Jack Oliver, his mum Fiona and sister Ciara, left to return home on Thursday night, to begin the preparations for Greig’s funeral, another emotive touchstone for the group. UCC’s Andrew O’Mahony has flown out to Cape Town as a replacement, having previously played for Ireland in last year’s summer series in Verona, a tournament in which South Africa beat Ireland 33-24, the last team to do so in a competitive fixture.

Ireland, who travelled to Italy without 14 of the 2022 Grand Slam panel, had lost their opening match to France when they encountered the Junior ‘Boks. South Africa have three survivors from that game in their current squad, captain and flanker Paul de Villiers, prop Corne Lavanga and scrumhalf Imad Khan.

Murphy will be able to call upon Prendergast, prop George Hadden, secondrows Conor O’Tighearnaigh and Charlie Irvine and secondrow/flanker Diarmuid Mangan. O’Mahony isn’t in the match-day 23, while flanker James McNabney, who also played in Verona, is suspended for Sunday’s semi-final.
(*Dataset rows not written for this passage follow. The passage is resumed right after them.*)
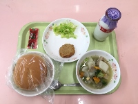 牛乳、コッペパン、野菜スープ煮、くじらメンチカツ、茹でキャベツ、ソース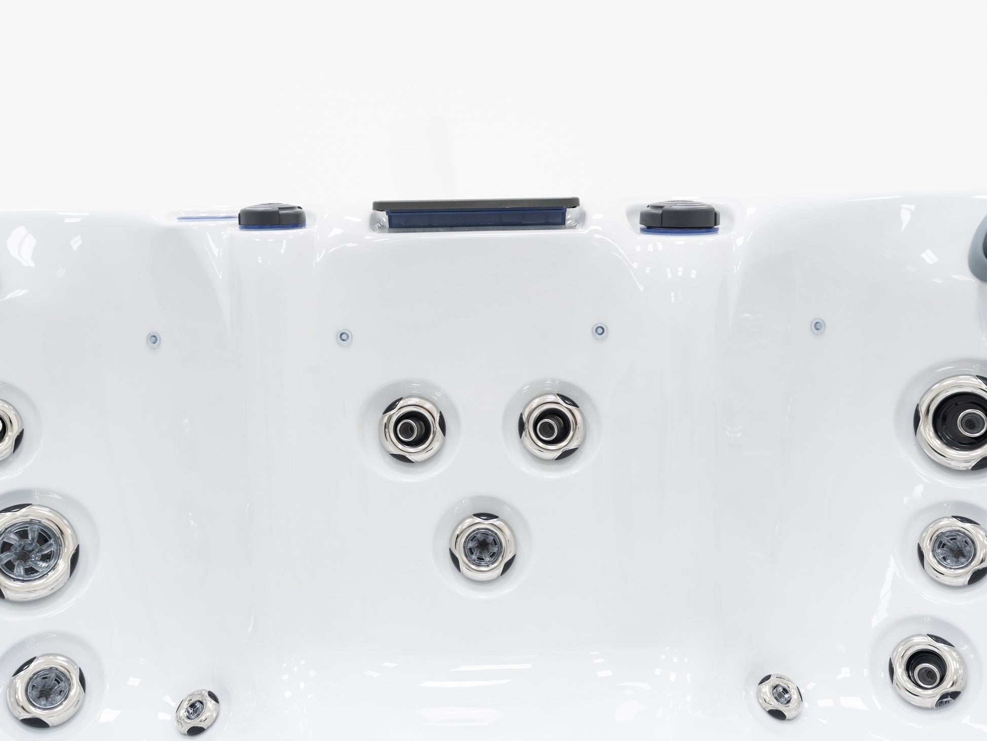 Våre dyser er utviklet for å gi jevn trykkfordeling og målrettet massasje av rygg, skuldre og ben. Justerbare vann– og luftstråler lar deg skreddersy intensiteten etter behov for optimal komfort.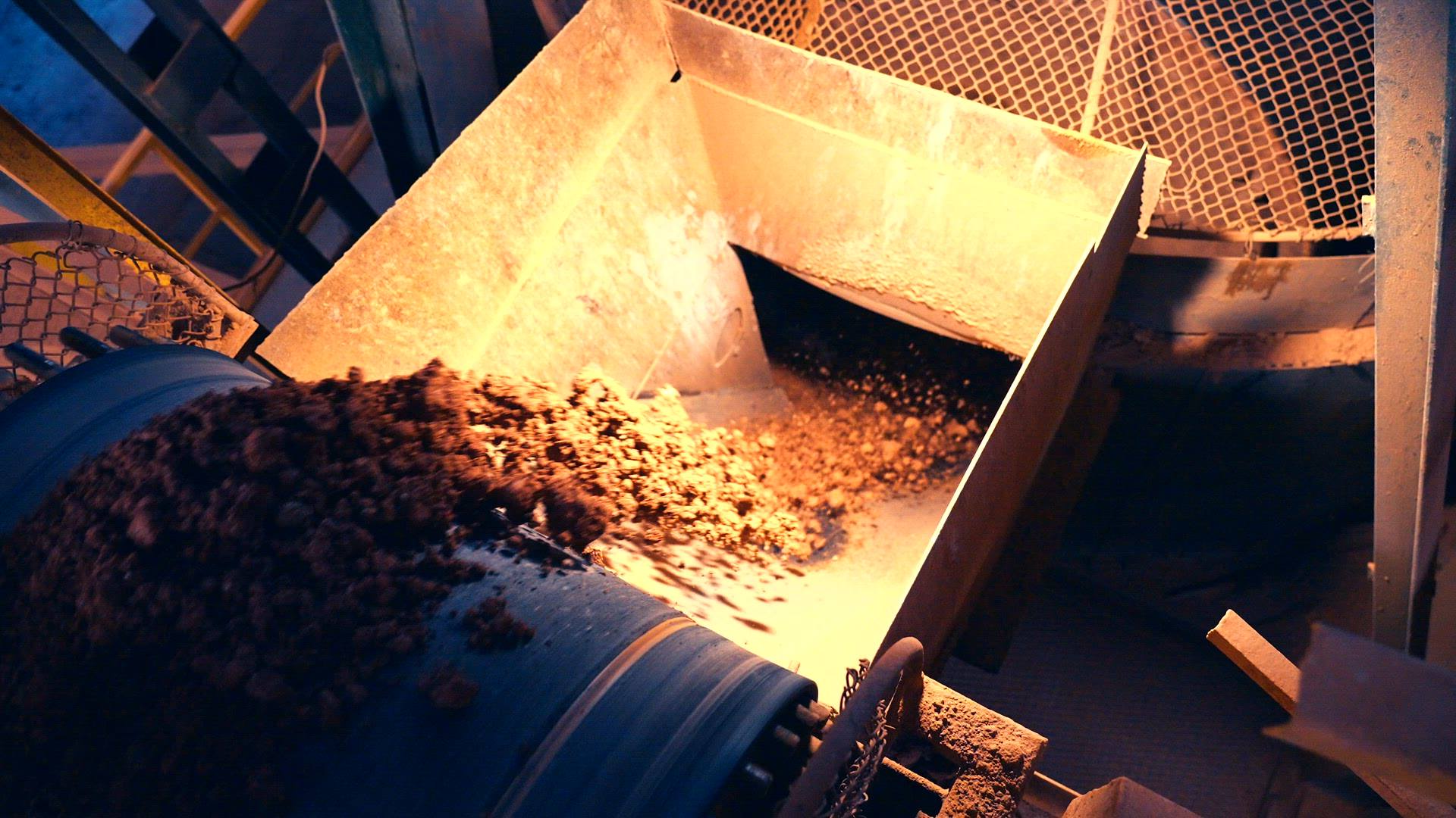 Static shot of industrial pressure rollers in action. Clay stones being mashed in slow motion 25perc. 4k.

Ireland’s head coach had to figure out a way to “normalise” the tail-end of the week, and as cold and heartless as the words may seem, the focus had to be exclusively on rugby, to put in place on Thursday and Friday the scaffolding that will allow them to build a detailed performance.

Harnessing emotion is an integral part of any sport, but Ireland will need to rely on the cold-eyed pragmatism of the playbook, the patterns to engineer the result that they covet. It’s about the minutiae, fixing the lineout, addressing discipline, managing the game with more control, kicking with greater accuracy, improving all those component parts to allow them to be their best iteration.

They have stood up. They have fought. And they must do so once again. The journey is not over.